A Blog by Jonathan Low

 

Apr 8, 2016

Is Data Collection the Ultimate Public Good?

Larry Summers, Harvard economics professor, former Harvard president and former US Treasury Secretary, is a controversial figure. So is the notion that government has a role in anything, especially a field of human endeavor as sensitive as personal information.

But he makes the argument that data is essential to improving the functioning of government which, in turn, has the capacity to improve our lives, ideological cant to the contrary. He addresses the concern that government collection of communications data is, in the post-Edward Snowden era, by its nature intrusive and destructive.

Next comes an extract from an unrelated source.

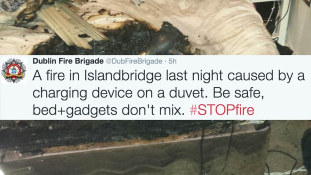 Dublin Fire Brigade used this as an opportunity to warn people of the dangers of leaving their electronics lying on the bed in their homes.
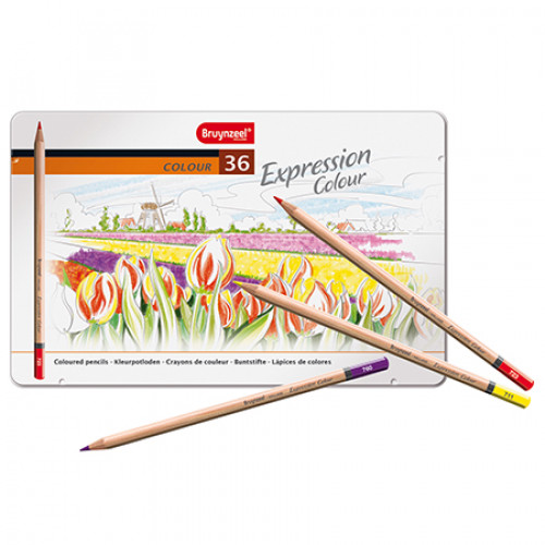 In het Bruynzeel Expression blik zitten 36 kleurpotloden van hoge kwaliteit met sterke dikke 3,3mm stift van hoogwaardige pigmenten voor een extra goede kleurafgifte.

His point, argued indirectly, is that all data collection: census data, consumer price indexes, etc are intrusive, but that we are better off for having that knowledge. The challenge is how to collect such information without threatening those who provide it. There is currently no easy answer, due in part, to past abuses and because we are living in deeply untrusting times. The question is whether the decision not to collect is somehow better - or worse - than doing so. JL

Larry Summers comments in the Washington Post:

It is fantasy to suppose data will come into being without government effort. Equally, we will sell ourselves short if we stick with traditional collection methods and ignore innovative providers and methods such as the use of smartphones, drones, satellites and supercomputers. Communication technologies will allow us to better hold policymakers to account with reliable and rapid performance measures. We will gain capacities we cannot now imagine but will come to regard as indispensable.This is the work of both governments and the private sector.
I spoke at a World Bank conference on price statistics. While price statistics are not usually thought of as a scintillating subject, I got a great deal of satisfaction out of preparing and presenting my remarks. In part this was because my late father, Robert Summers, focused his economic research on international price comparisons. It was also because I am convinced that data is the ultimate public good and that we will soon have much more data than we do today.
I made four primary observations.
First, scientific progress is driven more by new tools and new observations than by hypothesis construction and testing. I cited a number of examples: the observation that Jupiter was orbited by several moons clinched the case against the Ptolemaic system, the belief that all celestial objects circle around the Earth. We learned of cells by seeing them when the microscope was constructed. Accelerators made the basic structure of atoms obvious.
Second, if mathematics is the queen of the hard sciences then statistics is the queen of the social sciences. I gave examples of the power of very simple data analysis. We first learned that exercise is good for health from the observation that, in the 1940s, London bus conductors had much lower death rates than bus drivers. Similarly, data demonstrated that smoking was a major killer decades before the biological processes were understood. At a more trivial level, “Moneyball” shows how data-based statistics can revolutionize a major sport.
Third, I urged that what “you count counts” and argued that we needed much more timely and complete data. I noted the centrality of timely statistics to meaningful progress toward Sustainable Development Goals. In comparison to the nearly six-year lag in poverty statistics, it took the United States only about 3½ years to win World War II.
Fourth, I envisioned what might be possible in a world where there will soon be as many smartphones as adults. With the ubiquitous ability to collect data and nearly unlimited ability to process it will come more capacity to discover previously unknown relationships. We will improve our ability to predict disasters like famines, storms and revolutions. Communication technologies will allow us to better hold policymakers to account with reliable and rapid performance measures. And if history is any guide, we will gain capacities on dimensions we cannot now imagine but will come to regard as indispensable.
This is the work of both governments and the private sector. It is fantasy to suppose data, as the ultimate public good, will come into being without government effort. Equally, we will sell ourselves short if we stick with traditional collection methods and ignore innovative providers and methods such as the use of smartphones, drones, satellites and supercomputers. That is why something like the Billion Prices Project at MIT, which can provide daily price information, is so important. That is why I am excited to be a director and involved with Premise — a data company that analyzes information people collect on their smartphones about everyday life, like the price of local foods — in its capacity to mobilize these technologies as widely as possible. That is why Planet Labs, with its capacity to scan and monitor environmental conditions, represents such a profound innovation.